Volgend jaar is het 500 jaar geleden dat Jeroen Bosch stierf, op 66-jarige leeftijd. Mogelijk aan pleuritis. Sindsdien vergaapt de wereld zich aan zijn werk. Een schilder kijkt door de wereld en de mensen van 1500 heen.
Zoals ik in 2015 na een avond televisiekijken of een nacht dromen wakker word met onbegrijpelijke beeldenreeksen. En dan lijd ik nog niet eens aan epileptische visioenen. Had Bosch die?
Het mooie bij hem is dat hij de verslaggever blijft. Van de wereld om hem heen en die in zijn kop, zonder veel te interpreteren. Hij verbaast zich vooral. Lijkt me.
Er is weinig bekend. Zelfs in hoeverre hij nu gelovig was, en hoe valt moeilijk te zeggen. Zijn grote 'Tuin der lusten' mengt droom, geilheid, religie en schuld, zoals hij het bij zichzelf denkelijk ook gewaar werd.
Maar wat Bosch nu werkelijk dacht? Wat bijvoorbeeld de rol van de vele uilen in zijn werk is? Speculaties genoeg. Of het ei? Of de pijl? Hoe hij ertoe kwam de gekruisigde Julia te schilderen? Had hij een bijna-dood ervaring, zoals zijn Vlucht naar de hemel suggereert? Niemand schiep meer raadselen dan hij. En is dat niet het hoogste wat een kunstenaar kan bereiken?

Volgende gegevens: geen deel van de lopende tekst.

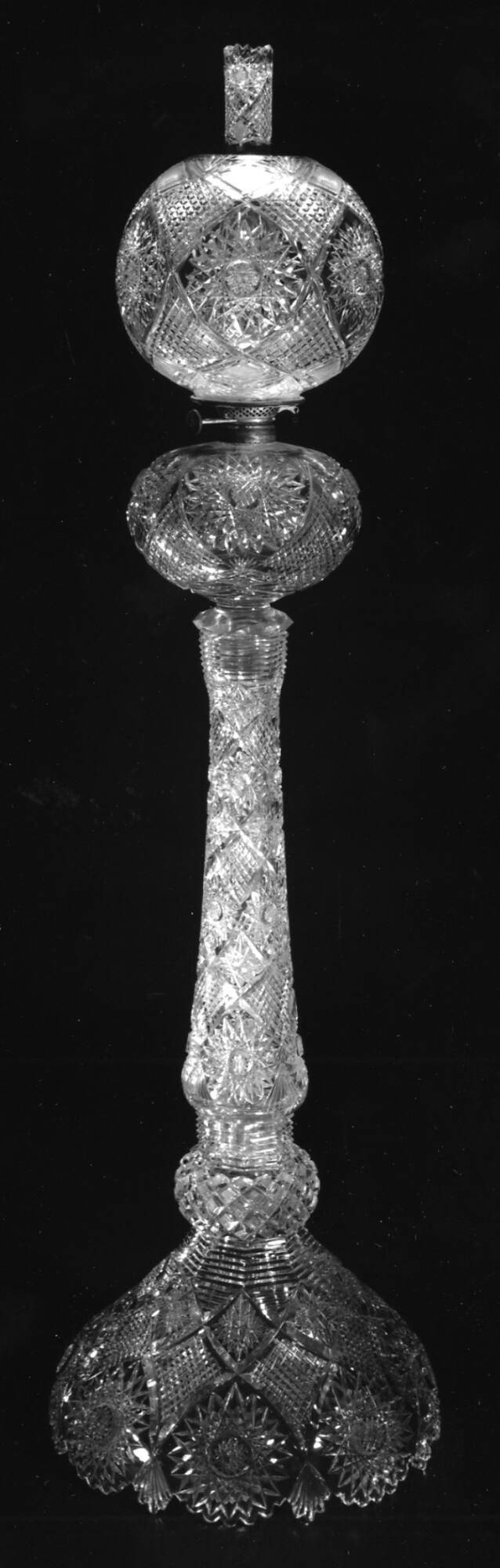 Label TextLike much of the Libbey cut glass in this gallery, this lamp and shorter the Banquet Lamp beside it were featured in the company’s display at the Louisiana Purchase Centennial Exposition in St. Louis in 1904. They each consist of five separately made parts: chimney, globe, font, standard, and base.Published ReferencesDaniel, Dorothy, Cut and Engraved Glass, 1771-1905, New York, M. Barrows, 1950, pp. 279-282 (pattern).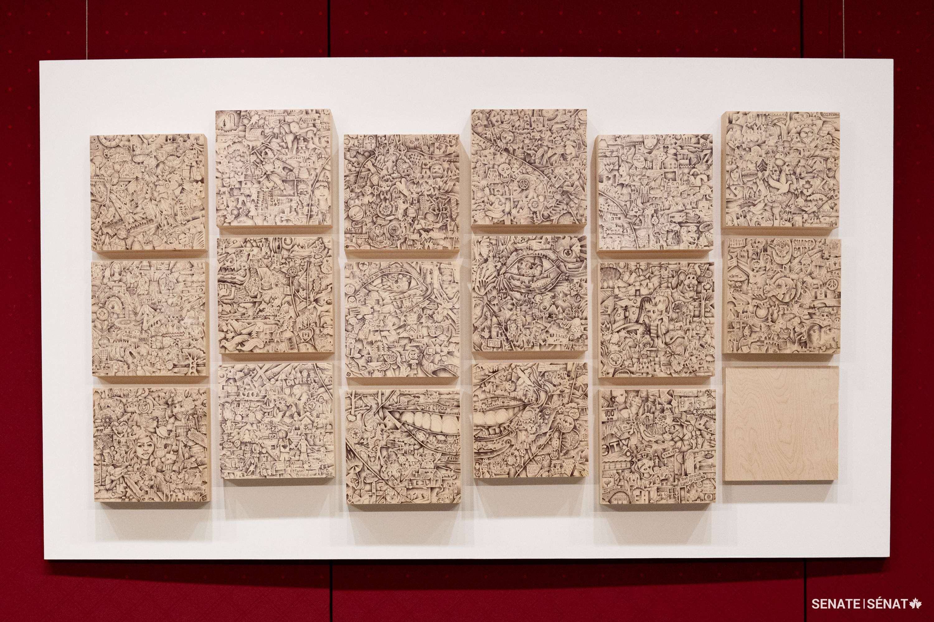 Aquil Virani en collaboration avec Rebecca Jones, détail de L’autoportrait du Canada (2016). 18 panneaux de bouleau et encre. 86,4 cm x 165,1 cm. Provenance du prêt : avec l’autorisation de l’artiste. L’œuvre intègre 800 croquis participatifs illustrant l’identité canadienne.

In Den Bosch is een reusachtig Jeroen-spektakel in aantocht. Van 12 februari tot mei 2016 brengt het Noord-Brabants Museum een grote tentoonsteling. Wat zal daar van Bosch zelf te zien zijn? Zijn werken zijn zo kwetsbaar dat ze gewoonlijk niet weg mogen. Omdat de 'Tuin der lusten' in het Prado blijft wordt voor publiek zichtbaar gewerkt aan een reconstructie.
Maar misschien komt uit Madrid toch nog een bruikleen. De Bosch-werken in Venetië - waaronder de gekruisigde vrouw - zijn zo wrak, dat er een deal in de maak is om sommige in Nederland te laten restaureren. En te exposeren.